Es sei erfreulich gewesen, berichtete er, im Gespräch mit seinem neuen amerikanischen Amtskollegen Antony Blinken festgestellt zu haben, wie groß die Gemeinsamkeiten zwischen der Bundesregierung und der neuen Führung in Washington sind. Maas stellte die Klimapolitik heraus. Die USA hätten erkannt: „Alle großen Herausforderungen sind grenzenlos“, sagte er.

Vieles verändert sich im transatlantischen Verhältnis, jetzt da Biden und Blinken die Außenpolitik Amerikas prägen. Für Trump war Europa ein Gegner, vielleicht sogar ein Feind. Die EU war der institutionalisierte Gegenentwurf zu seiner politischen Maxime: America First. Der Regierungswechsel in Washington bedeutet nun die Abkehr von Trumps Nationalismus und die Rückbesinnung der USA auf ihre traditionelle Bündnispolitik.

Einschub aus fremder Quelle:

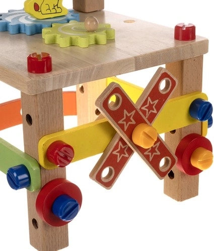 Izklaide un mācīšanās: Šī interaktīvā rotaļlieta lieliski attīsta radošumu un sīko motoriku. Krāsainie elementi un zobrati rada mehāniskas skaņas, kas veicina bērnu sensorās integrācijas attīstību.

Das wirkt sich schon jetzt positiv auf Konflikte aus, die an der Peripherie Europas vor sich hin schwelen. Maas nannte die Spannungen zwischen der Türkei und Griechenland. „Sehr konfrontativ“ sei Ankaras Politik zuletzt gewesen, jetzt aber bestehe die Chance, das Verhältnis zu Europa wieder zu verbessern. Deshalb habe die EU auch von Sanktionen abgesehen.

Sehr deutlich wurde Maas, als das Gespräch auf China kam. Er sieht die Volksrepublik nicht nur als Deutschlands größten Handelspartner, sondern auch als „systemischen Rivalen, der in der Corona-Pandemie glaubt, der Welt erklären zu müssen, dass die liberalen Demokratien damit nicht umgehen können“. Auch deshalb sei es wichtig, dass Amerika und Europa von nun an wieder „auf derselben Seite des Spielfelds“ stünden.